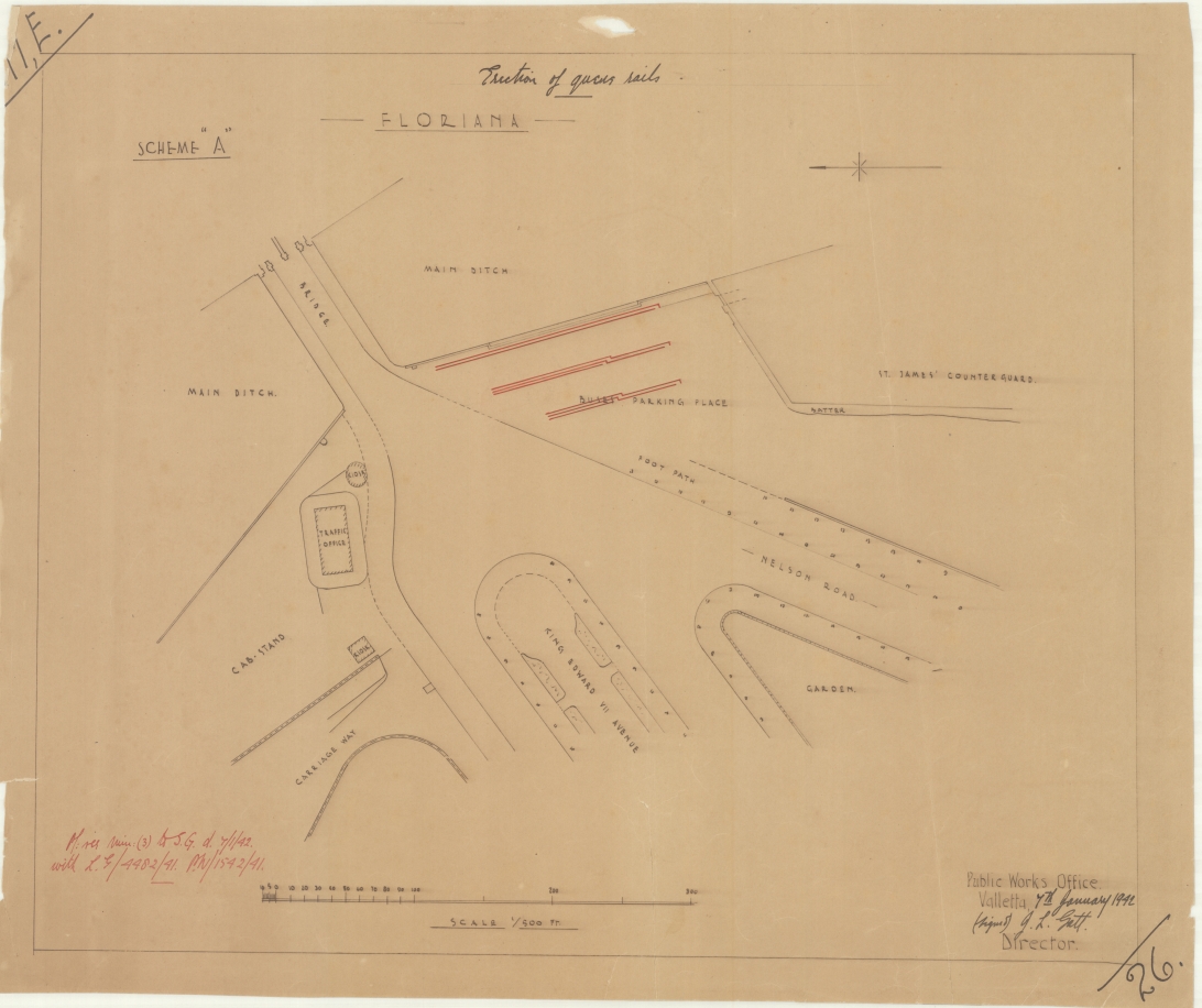 Floriana scheme A for bus parking adjacent to St. James counterguard. Includes referemce to files CSG d 7-1-42; L.S.-4482-41 and PW-1542-41
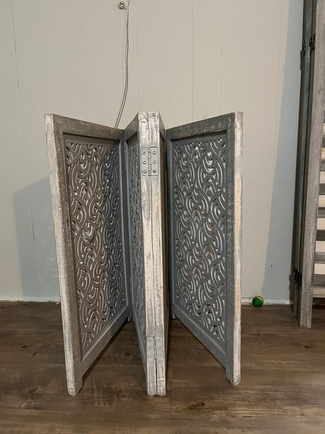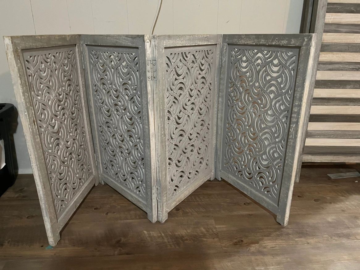 This perfect room divider is half the size of a normal one. You can see the photo for size reference. It’s really beautiful and has a unique design.
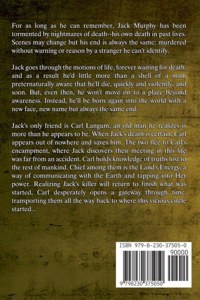 For as long as he can remember, Jack Murphy has been tormented by nightmares of death--his own death in past lives. Scenes may change but his end is always the same: murdered without warning or reason by a stranger he can't identify. Jack goes through the motions of life, forever waiting for death, and as a result he'd little more than a shell of a man, preternaturally aware that he'll die, quickly and violently, and soon. But, even then, he won't move on to a place beyond awareness. Instead, he'll be born again into the world with a new face, new name but always the same end. Jack's only friend is Carl Langum, an old man he realizes is more than he appears to be. When Jack's death is certain, Carl appears out of nowhere and saves him. The two flee to Carl's encampment, where Jack discovers their meeting in this life was far from an accident. Carl holds knowledge of truths lost to the rest of mankind. Chief among them is the Land's Energy, a way of communicating with the Earth and tapping into Her power. Realizing Jack's killer will return to finish what was started, Carl desperately opens a gateway through time, transporting them all the way back to where this vicious circle started...
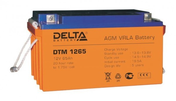 Аккумулятор Аккумулятор 12 В, 65 Ач DTM 1265 Delta
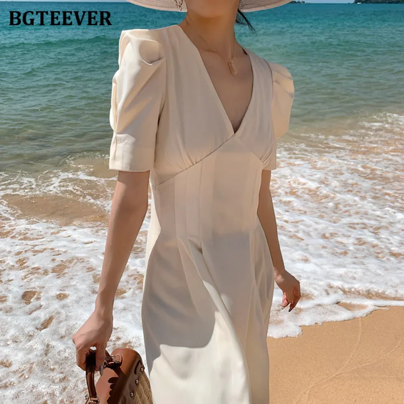 Женское длинное платье трапециевидной формы BGTEEVER, винтажный буф с рукавами, однотонное вечернее платье 2020
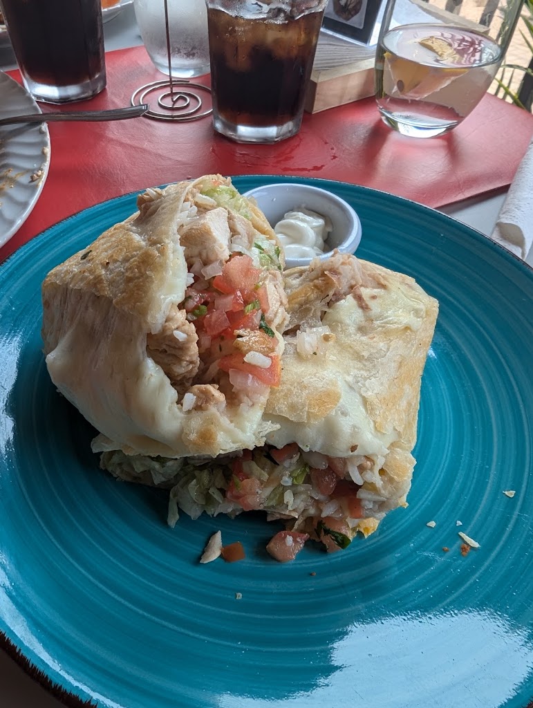 Very slow service - our table of 5 had to ask for water at least 3 times Lime margaritas were delicious food was very bland/dry - had the chicken burrito and it was very dry - needed some sauce to be served with it . We were hoping for better as we love Mexican Restaurant is in a great location and will be great in the summer being right by the water front - just wish the food was better.
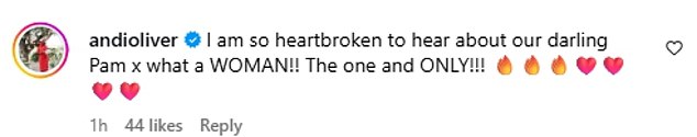 Chef Andi Oliver – mother of TV presenter Miquita Oliver – wrote: ‘I am so heartbroken to hear about our darling Pam… what a WOMAN!! The one and ONLY!!!’
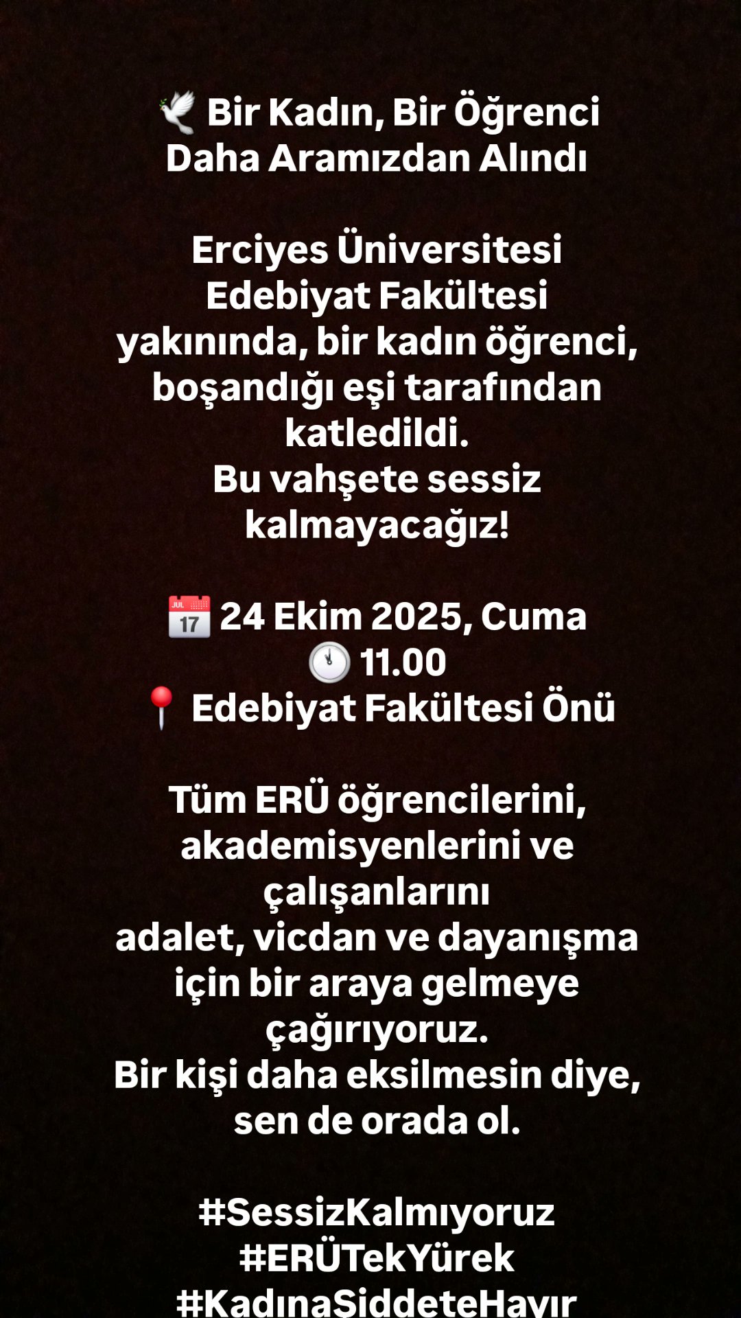 Yaşanan kadın cinayetinin ardından, cinayetin işlendiği Edebiyat Fakültesi önüne eylem çağrısı yapıldı. Yapılan çağrıda “Tüm ERÜ öğrencilerini, akademisyenlerini ve çalışanlarını adalet, vicdan ve dayanışma için bir araya gelmeye çağırıyoruz. Bir kişi daha eksilmesin diye, sen de orada ol” ifadeleri yer aldı. Eylem yarın (24 Ekim) 11.00’de fakülte önünde yapılacak” denildi.
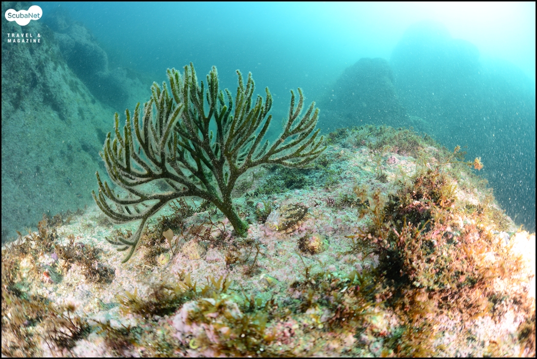 부채뿔산호와 산호붙이히드라들의 부착생물들과 불볼락 무리들이 있었다.그곳은 바위 봉우리의 규모가 그러 크진 않았지만 바위 사이에 크랙도 있었고, 그곳에 부채뿔산호 군락이 있고, 탁자볼락 무리가 숨어 있었다. 물론 봉우리 위에 불볼락들이 있기는 했지만 무리는 크지 않았다. 잔압도 그리 많지 않았기에 10분 정도 짧은 시간에 간단하게 촬영하고 다이빙을 마무리했다.

* Problem requirements
Could you transcribe every entry exactly, leaving out the pictures?

* The completed task
 Floriana scheme A for bus parking adjacent to St. James counterguard. Includes referemce to files CSG d 7-1-42; L.S.-4482-41 and PW-1542-41
 This perfect room divider is half the size of a normal one. You can see the photo for size reference. It’s really beautiful and has a unique design.
 For as long as he can remember, Jack Murphy has been tormented by nightmares of death--his own death in past lives. Scenes may change but his end is always the same: murdered without warning or reason by a stranger he can't identify. Jack goes through the motions of life, forever waiting for death, and as a result he'd little more than a shell of a man, preternaturally aware that he'll die, quickly and violently, and soon. But, even then, he won't move on to a place beyond awareness. Instead, he'll be born again into the world with a new face, new name but always the same end. Jack's only friend is Carl Langum, an old man he realizes is more than he appears to be. When Jack's death is certain, Carl appears out of nowhere and saves him. The two flee to Carl's encampment, where Jack discovers their meeting in this life was far from an accident. Carl holds knowledge of truths lost to the rest of mankind. Chief among them is the Land's Energy, a way of communicating with the Earth and tapping into Her power. Realizing Jack's killer will return to finish what was started, Carl desperately opens a gateway through time, transporting them all the way back to where this vicious circle started...
 Аккумулятор Аккумулятор 12 В, 65 Ач DTM 1265 Delta
 Женское длинное платье трапециевидной формы BGTEEVER, винтажный буф с рукавами, однотонное вечернее платье 2020
 Very slow service - our table of 5 had to ask for water at least 3 times Lime margaritas were delicious food was very bland/dry - had the chicken burrito and it was very dry - needed some sauce to be served with it . We were hoping for better as we love Mexican Restaurant is in a great location and will be great in the summer being right by the water front - just wish the food was better.
 Chef Andi Oliver – mother of TV presenter Miquita Oliver – wrote: ‘I am so heartbroken to hear about our darling Pam… what a WOMAN!! The one and ONLY!!!’
 Yaşanan kadın cinayetinin ardından, cinayetin işlendiği Edebiyat Fakültesi önüne eylem çağrısı yapıldı. Yapılan çağrıda “Tüm ERÜ öğrencilerini, akademisyenlerini ve çalışanlarını adalet, vicdan ve dayanışma için bir araya gelmeye çağırıyoruz. Bir kişi daha eksilmesin diye, sen de orada ol” ifadeleri yer aldı. Eylem yarın (24 Ekim) 11.00’de fakülte önünde yapılacak” denildi.
 부채뿔산호와 산호붙이히드라들의 부착생물들과 불볼락 무리들이 있었다.그곳은 바위 봉우리의 규모가 그러 크진 않았지만 바위 사이에 크랙도 있었고, 그곳에 부채뿔산호 군락이 있고, 탁자볼락 무리가 숨어 있었다. 물론 봉우리 위에 불볼락들이 있기는 했지만 무리는 크지 않았다. 잔압도 그리 많지 않았기에 10분 정도 짧은 시간에 간단하게 촬영하고 다이빙을 마무리했다.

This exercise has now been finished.